If we are correct in thinking that Richard B. O'Connor never became a member of the county of Bristol retirement system, his right to continue to hold his office was not, in our opinion, affected by the provision of G. L. (Ter. Ed.) c. 32, § 5 (1) (d), as appearing in St. 1948, c. 15, § 1, that “Any member holding office by popular election at the time of attaining the maximum age for his group . . . may continue to serve in such office after attaining such maximum age but only until the next regular election." We think that this provision has reference only to offices which are subject to the retirement system to which the member belongs. The office of county commissioner of the county of Bristol was subject to the retirement system of that county. The fact that O’Connor in 1948 was still an inactive member of the State retirement system and might become entitled to a superannuation allowance from that system based upon his former service for the State did not, we think, affect his tenure of office as county commissioner. Each of the several retirement systems, State, county, city or town, is in general an independent unit, having its own separate assets and liabilities and is under the jurisdiction of its own separate board. G. L. (Ter. Ed.) c. 32, § 20, as appearing in St. 1945, c. 658, § 1, and as amended. It does not seem likely, we think, that the Legislature would intend that the right of a person to hold for the full statutory term an elective office subject to a system of which he is not a member should be affected by the fact that he is an inactive member of some other system by reason of prior service therein.

This line of reasoning brings us to the conclusion that Richard B. O’Connor had the right to continue in office after the election of 1948 until the end of the term for which he was elected, and that his incumbency of the office was *747terminated only by his voluntary resignation on November 5, 1948. It follows that there could have been no election of his successor on November 2, 1948; that the vacancy in the office was not due to “failure to choose, ” but was due to “removal or otherwise” (resignation); and that the appointment of the plaintiff as his successor was valid.

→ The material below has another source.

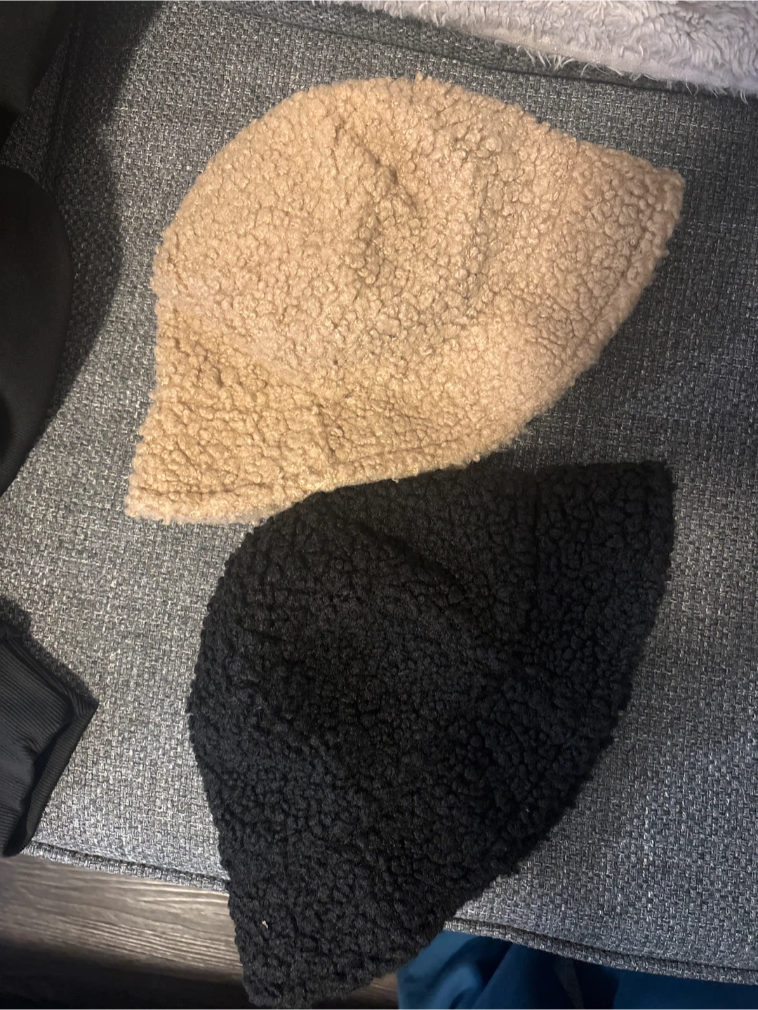 Includes one black and one tan sherpa bucket hat. These hats are made from a soft, fuzzy material. They're perfect for keeping warm and stylish!

The defendants further contend' that the plaintiff cannot recover her salary for the latter part of 1950, because she herself became seventy years of age on June 4, 1950. They assert that, although she was not a member of the county retirement system, because she originally entered the service after attaining age fifty-five (G. L. [Ter. Ed.] c. 32, § 3 (2) (f), as then appearing in St. 1945, c. 658, § 1), yet she came within the provision of said subparagraph (f) that “No such employee other than an elected official . . . shall remain in the service . . . after attaining the maximum age for the group in which he would have been classified if he had become a member . . , .” They point to the fact that the plaintiff was never actually elected but was appointed to the office of county commissioner, as hereinbefore stated. We think, however, that the words “elected official” were intended to distinguish persons holding elective office from other “employees” — a distinction which also appears elsewhere in the retirement laws and for which valid reasons exist. The office of county commissioner was undoubtedly an elective office. We do not think that the Legislature intended by subparagraph (f) to apply in the unusual instance where a county commissioner happens to be appointed to fill a vacancy occurring in a certain manner a rule of tenure different from that usually applicable under the statutes to the same office.

No question is presented as to the date referred to by “the next regular election” in G. L. (Ter. Ed.) c. 32, § 5 (1) (d), as appearing in St. 1948, c. 15, § 1. We do not intimate by anything we say that the reference is to election day, when the identity of no successor could be known, and before any determination of the persons elected could *748be made under G. L. (Ter. Ed.) c. 54, § 122, as amended by St. 1935, c. 257, § 7. See G. L. (Ter. Ed.) c. 54, § 116, as amended by St. 1946, c. 130, § 3.

Exceptions overruled. ■

Amended in respects not here material by St. 1939, c. 31, § 4.